Life as somebody in a particular time and place might have lived it.

Not necessarily as my mother lived it (though I wish I’d given myself a chance to ask her). Probably not quite as Crystal Lee Sutton (nee Pulley), the inspiration for Norma Rae, lived it. Certainly not “movie life” as we are accustomed  to having it delivered to us, from Citizen Kane on down, in a neat, small package we can carry around in our pockets.

But life just the same. Life with enough force to live outside of the movie celebrating it or, as it turned out, the Overlords bent on crushing it.

Good thing. Because, in the real world, crush it they did.

If Field’s Norma Rae Webster had been who and what the logic of even the most supreme craft dictated she should be, the movie and the performance would be well-made curios now. The unionization the film celebrated was a heartbeat away from having its own heart ripped out. Adjusted for inflation, the nation’s handful of remaining textile workers (since amalgamated into a larger union) now make about what Crystal Lee Sutton was making the day she decided not to take it any more. Whether they make it in somewhat better working conditions is probably in the eye of the beholder. Let’s say I have my doubts.

Because wherever they are weaving and folding the bulk of the towels these days, I’m guessing you can still get a brown lung in there.

But, once upon a time, Sally Field went beyond craft.
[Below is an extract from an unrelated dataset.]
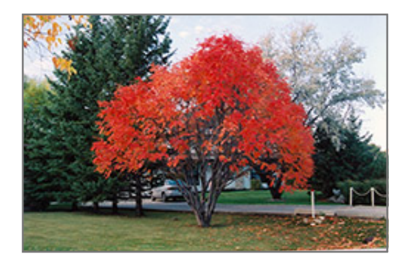
European Mountain Ash in fall

European Mountain Ash is recommended for the following landscape applications;

So Norma Rae ended up being something more than a finely wrought tract or “story” or even “narrative,” something that might actually survive the well-planned economic blight and not-entirely-unplanned cultural collapse that were nesting inside the very events the film depicted to a tee.

A hundred years from now (go ahead and laugh if you think it will be longer) when whoever is picking over our bones decides they really want to know “Just what the Hell was an ‘American’ anyway?” they could do a whole lot worse than to start with what So-Cal Sally Field did here when she stripped herself away and made time stand still.